This work addresses the exponential growth in data requirements caused by smoothness assumptions in high-dimensional nonlinear Hamiltonian systems. It proposes a data-efficient, target-oriented reachability control method that uniquely integrates symplectic geometric inductive bias with trajectory recurrence on energy manifolds. By composing demonstrably verified local trajectory segments through a chaining strategy, the approach achieves control without relying on global smoothness. The established sufficient conditions for reachability tie sample complexity to the system’s intrinsic geometric and dynamical properties rather than its state dimensionality, thereby substantially overcoming the data bottleneck that plagues conventional methods in high-dimensional settings.

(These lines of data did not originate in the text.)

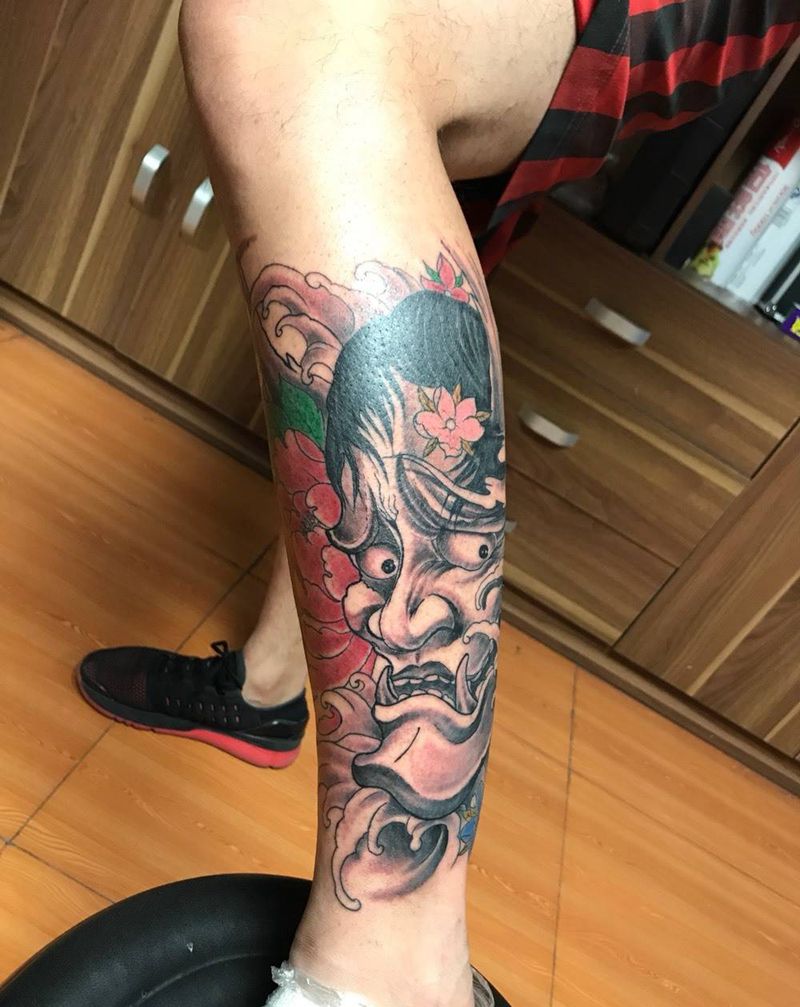 • T网红王老大花腿龙纹身图片_腿部新传统纹身图案
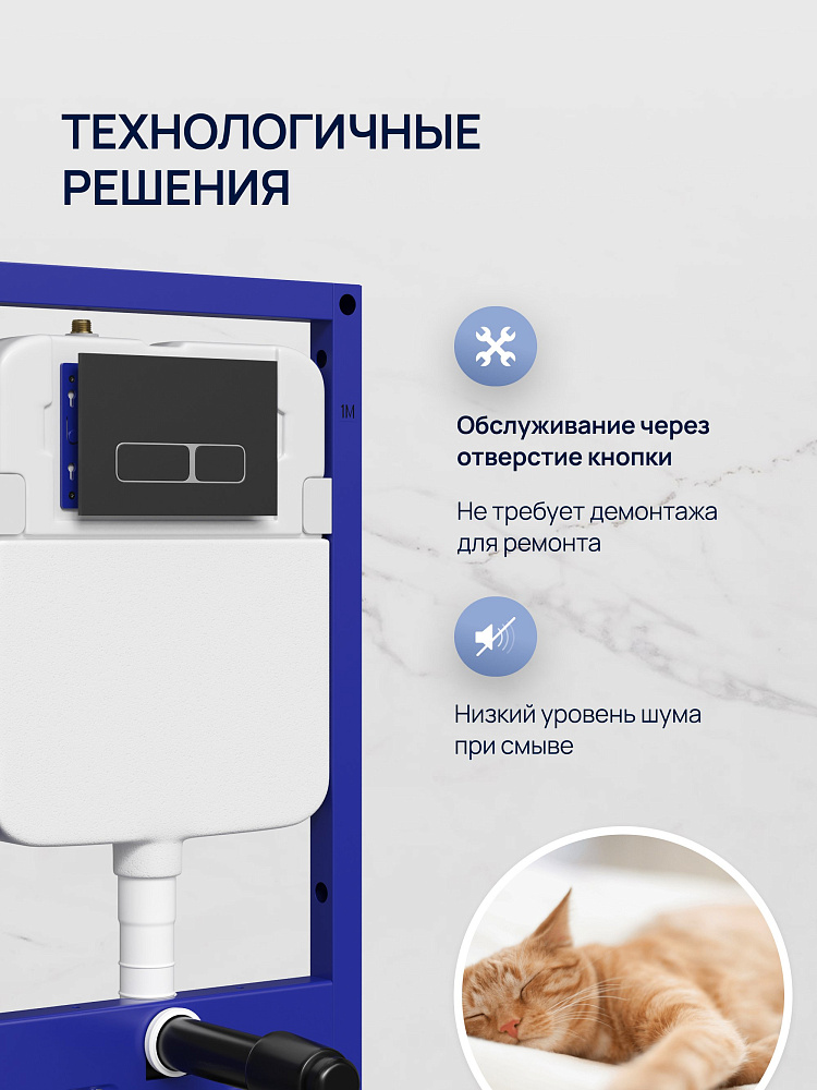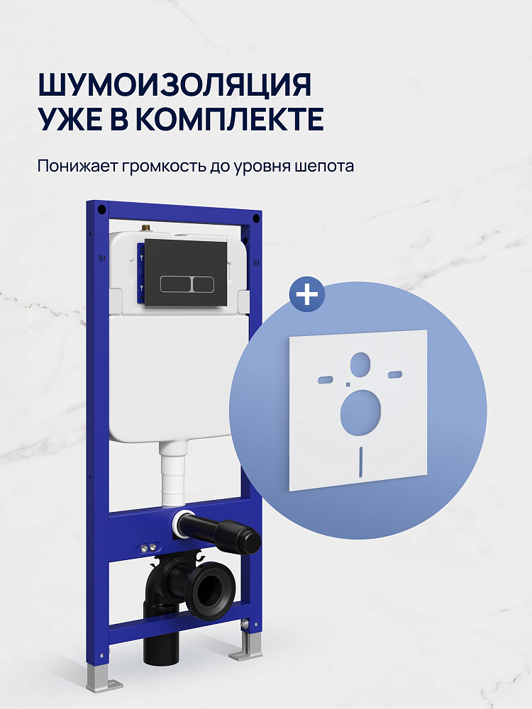 Инсталляция с кнопкой STWORKI Кронборг S28500BK цвет матовый черный, крепление к полу и стене, с регулировкой по высоте, с шумоизоляцией
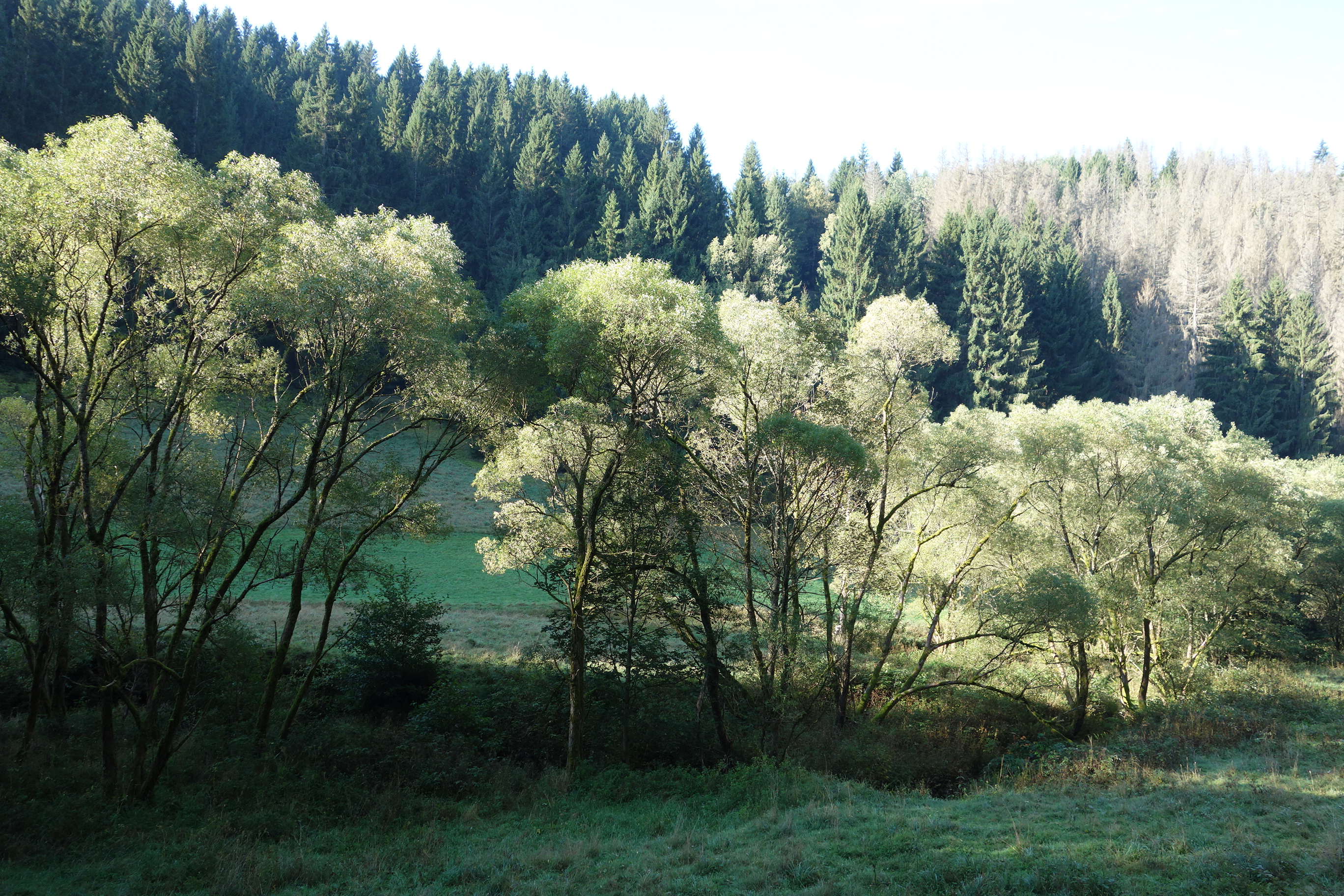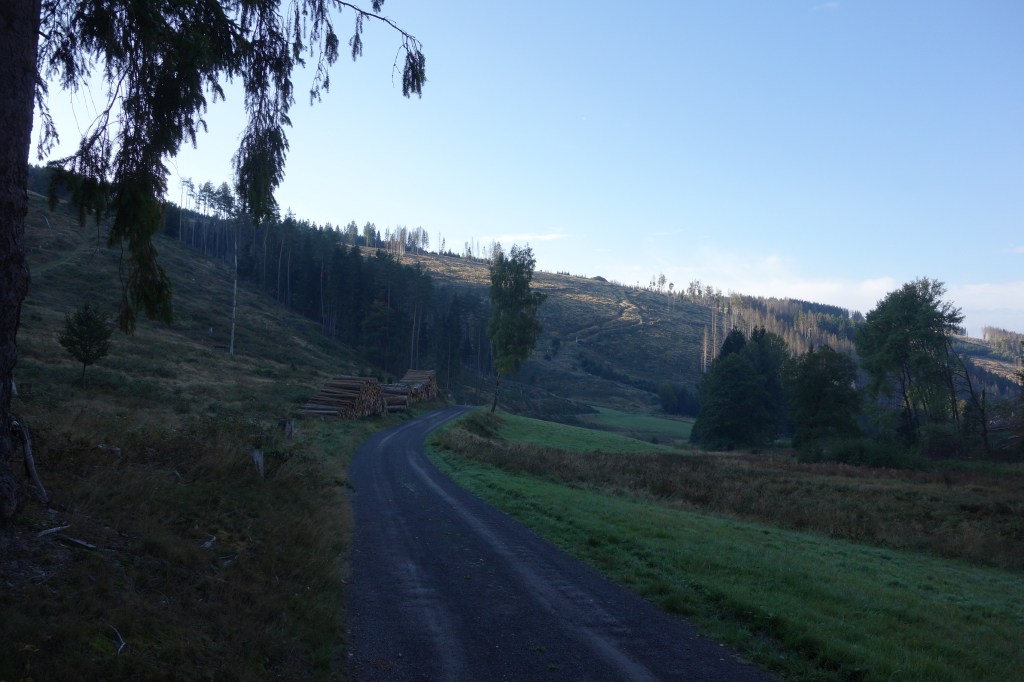 Mein Glaube an Mondsichel und Venus, empirisch unterfüttertKleine Runde um die SchanzeHinter der Schanze ists wie Afrika.Haselnuß-Mispel-GespinstDann überstürzten sich die Ereignisse, und es war schon Dezember.Unter dem Vorwand, Bibliotheksbücher aus Erfurt holen / nach Erfurt bringen zu müssen, gehe ich jetzt oft durchs Tal der Weißen Schwarza.Die Hügel, ohnehin noch verwirrt von den Rodungen, staunen: So viele Bücher sind noch nie an ihnen vorübergetragen worden. Alles ist neu!Unterer TalgrundHeimweg aber ist immer …… und die lieblich enge Welt bleibt die unbegreifliche.
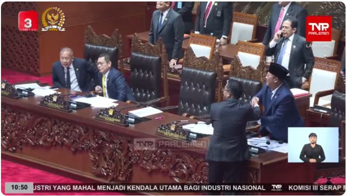Rapat Paripurna pengesahan dipimpin Wakil Ketua DPR Cucun Ahmad Syamsurizal dari PKB, didampingi dua pimpinan DPR lain, yakni Sufmi Dasco Ahmad dan Saan Mustopa.
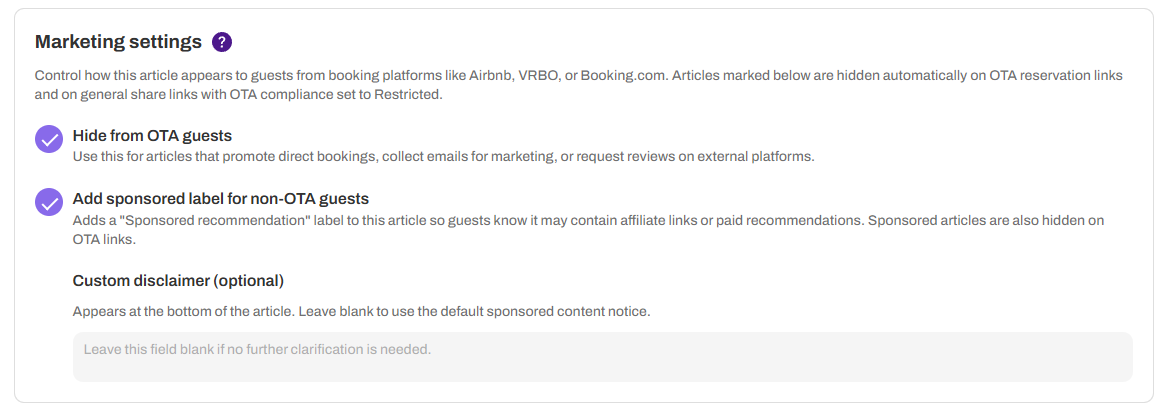 Hide from OTA guests β marks this article as OTA-restricted. It will be hidden automatically on OTA reservation links and on general share links set to Restricted. Use this for articles that promote direct bookings, collect emails, or request external reviews.

Inductive bias refers to restrictions on the hypothesis class that enable a learning method to generalize effectively from limited data. A canonical example in control is linearity, which underpins low sample-complexity guarantees for stabilization and optimal control. For general nonlinear dynamics, by contrast, guarantees often rely on smoothness assumptions (e.g., Lipschitz continuity) which, when combined with covering arguments, can lead to data requirements that grow exponentially with the ambient dimension. In this paper we argue that data-efficient nonlinear control demands exploiting inductive bias embedded in nature itself, namely, structure imposed by physical laws. Focusing on Hamiltonian systems, we leverage symplectic geometry and intrinsic recurrence on energy level sets to solve target reachability problems. Our approach combines the recurrence property with a recently proposed class of policies, called chain policies, which composes locally certified trajectory segments extracted from demonstrations to achieve target reachability. We provide sufficient conditions for reachability under this construction and show that the resulting data requirements depend on explicit geometric and recurrence properties of the Hamiltonian rather than the state dimension.